Trump’s Surprise Witness: Rep. Waters Becomes A Possible Witness Against Her Own Lawsuit

With rioting continuing in Brooklyn Center, Minn. and around the country, Rep. Maxine Waters, D-CA, went to Minnesota and told the protesters that they “gotta stay on the street” and “get more confrontational.”  The statement is ironic since Waters is one of the House members currently suing former President Donald Trump and others for inciting violence on January 6th with his words on the Mall.  Waters insists that Trump telling his supporters to go to the Capitol to make their voice heard and “fight” for their votes was actual criminal incitement. Conversely, Waters was speaking after multiple nights of rioting and looting and telling protesters to stay on the streets and get even more confrontational. There was violence after the remarks, including a shooting incident where two National Guard members were injured. Waters has now guaranteed that she could be called as a witness by Trump in his own defense against her own lawsuit.

Waters’ most recent words could well be cited in the ongoing litigation over the January 6th riot on Capitol Hill. As I have previously discussed, the lawsuit by House members and the NAACP may prove a colossal mistake. It is one of a number of lawsuits, including a lawsuit filed by Rep. Eric. Swalwell, D-Cal, that could ultimately vindicate Trump shortly before the next election. While it is possible that members could find a trial judge to rule in their favor, these lawsuits should fail on appeal, if they get that far. Moreover, they would fail under a lower standard of proof than the “beyond a reasonable doubt” standard in criminal law. Such a result would eviscerate the claim that Trump was guilty of criminal incitement in his speech.

After the riot, various legal experts appeared on news channels to proclaim that this was a strong if not conclusive case for criminal incitement. Trump was clearly guilty of criminal incitement. CNN legal analyst Elie Honig declared “As a prosecutor I’d gladly show a jury Trump’s own inflammatory statements and argue they cross the line to criminality.” Richard Ashby Wilson, associate law school dean at the University of Connecticut, said “Trump crossed the Rubicon and incited a mob to attack the U.S. Capitol as Congress was in the process of tallying the Electoral College vote results. He should be criminally indicted for inciting insurrection against our democracy.” District of Columbia Attorney General Karl Racine then thrilled many by declaring that he was investigating Trump for a possible incitement charge.

As I have previously written, these statements ignored both the elements of that crime and controlling case law. Notably, while these and other experts insisted that the crime of incitement was obvious and public on Jan. 6th, there has been no charge brought against Trump despite over four months. Why?

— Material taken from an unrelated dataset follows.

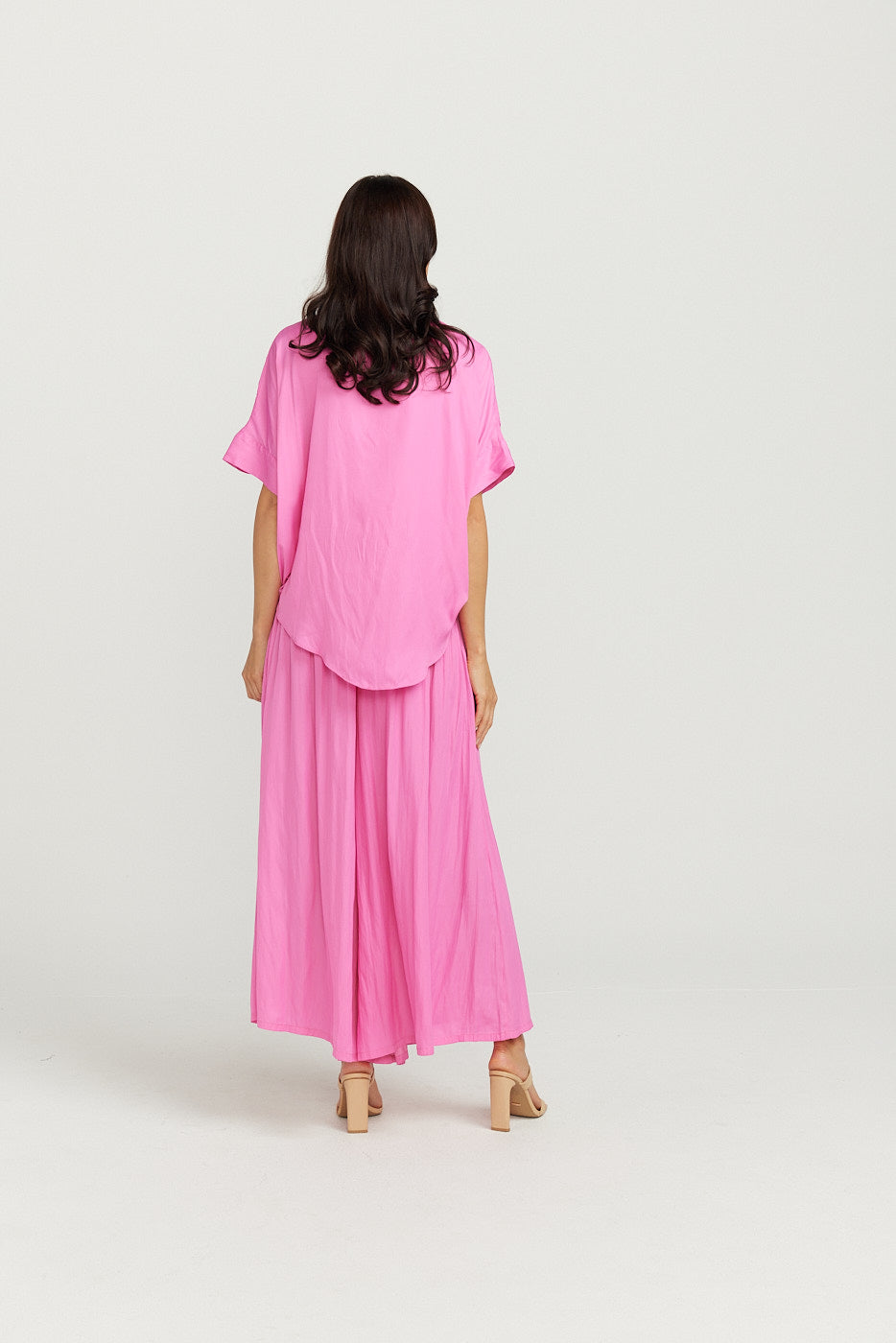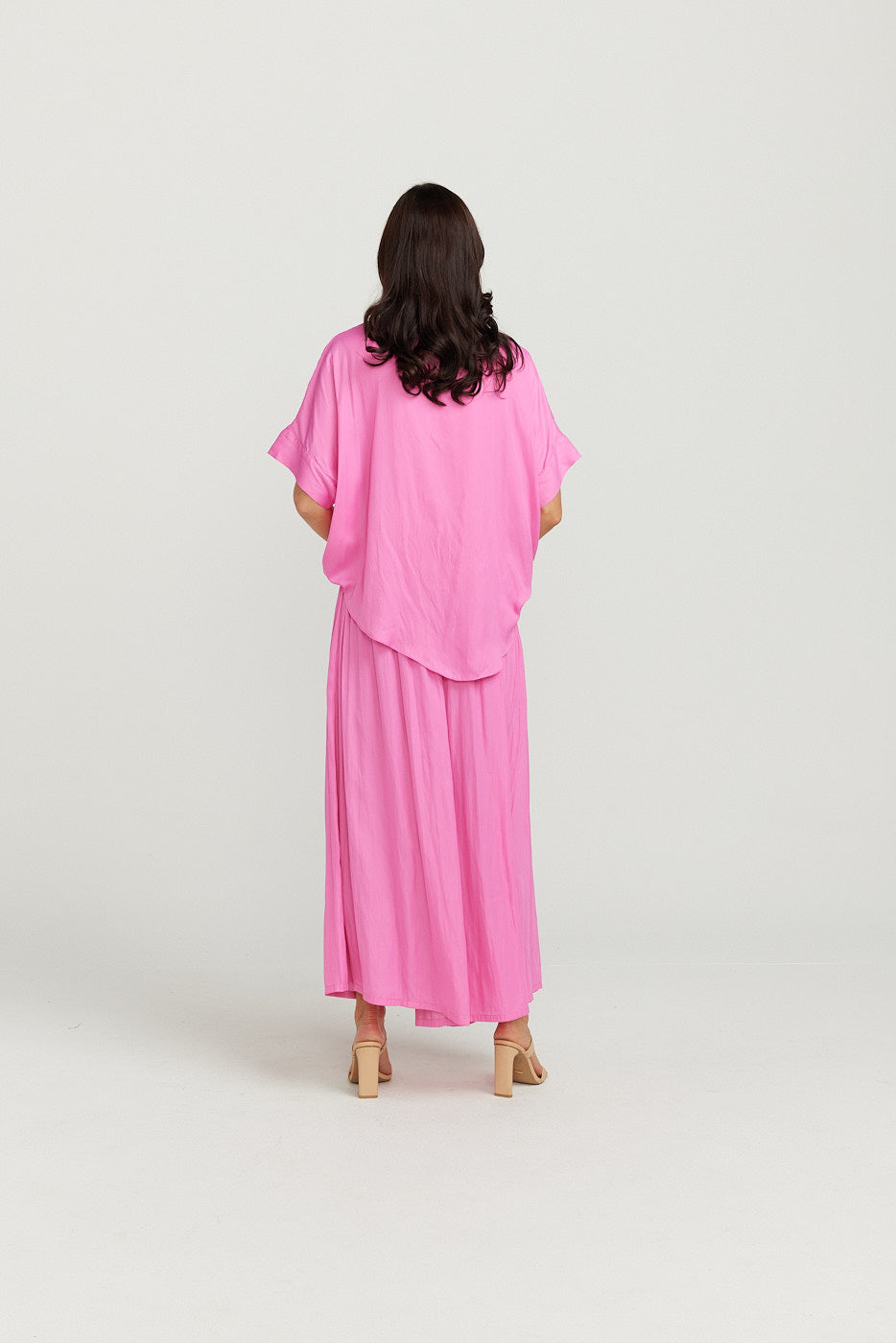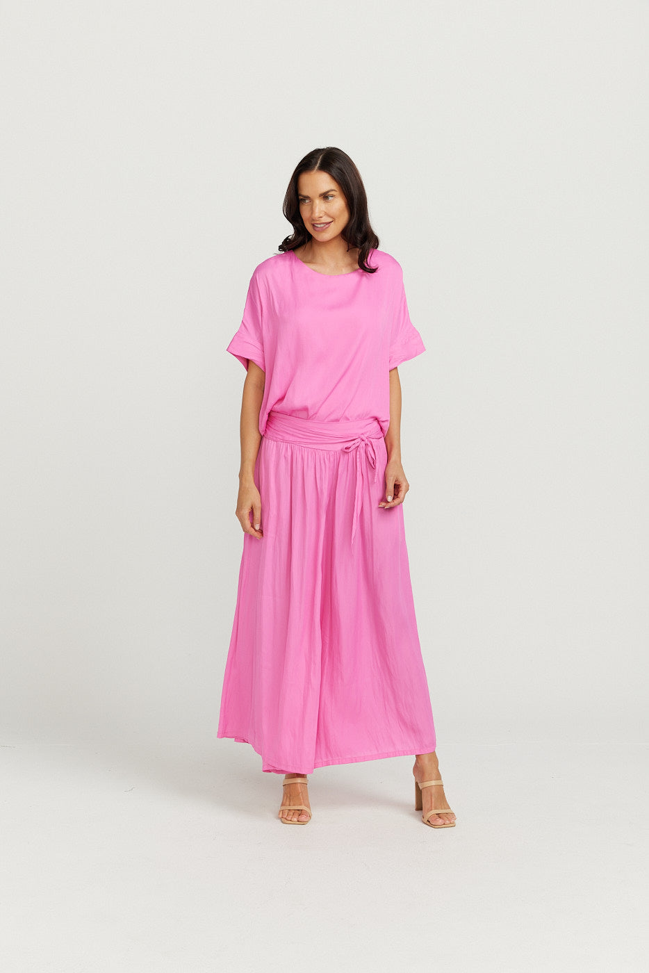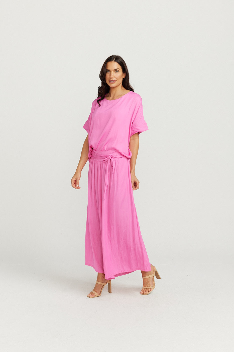 Super soft lustrous silk feel fabric. This style is a perfect basic that you can dress up or down .

The reason is that an actual criminal case would lead to a rejection of not just the charge but the basis for the second Trump impeachment. Trump’s Jan. 6 speech would not satisfy the test in Brandenburg v. Ohio, where the Supreme Court stressed that even “advocacy of the use of force or of law violation” is protected unless it is imminent. Trump did not call for the use of force but actually told people to protest “peacefully” and to “cheer on” their allies in Congress. After violence erupted, Trump later told his supporters to respect and obey the Capitol Police.

Now Waters, Swalwell, and others are rushing in where wiser Democrats fear to tread. These civil lawsuits actually raise claims like the infliction of emotional distress that were directly and unequivocally rejected by the Supreme Court. In 2011, the court ruled 8-1 in favor of Westboro Baptist Church, an infamous group of zealots who engaged in homophobic protests at the funerals of slain American troops. In rejecting a suit against the church on constitutional grounds, Chief Justice John Roberts wrote: “Speech is powerful. It can stir people to action, move them to tears of both joy and sorrow, and — as it did here — inflict great pain. On the facts before us, we cannot react to that pain by punishing the speaker.”

Yet, Waters is not more deterred by the actual case law in this area than the legal experts on CNN and MSNBC. Indeed, Waters has gone further and insisted that Trump should not only be charged with criminal incitement but actual “premeditated murder.” She stated, “For the President of the United States to sit and watch the invasion and the insurrection and not say a word because he knew he had absolutely initiated it – and as some of them said, ‘he invited us to come.”

That bring us back to Brooklyn Center this weekend. Violence and looting have been unfolding around the country, including the near the area where Waters was speaking. Yet, she called on people to stay in the streets and get more “confrontational.”  She added that there would be no acceptance of court decisions to the contrary in the Chauvin case: “We’re looking for a guilty verdict. If we don’t, we cannot go away.”  Protesters have not only been camped around the courthouse but the home of a witness in the Chauvin case was targeted. (It turned out to be his former home). Critics could charge that Waters’ statement and these protests are meant to intimidate witnesses or influence the trial — just as critics charged that Trump was attempting to intimidate or influence Congress.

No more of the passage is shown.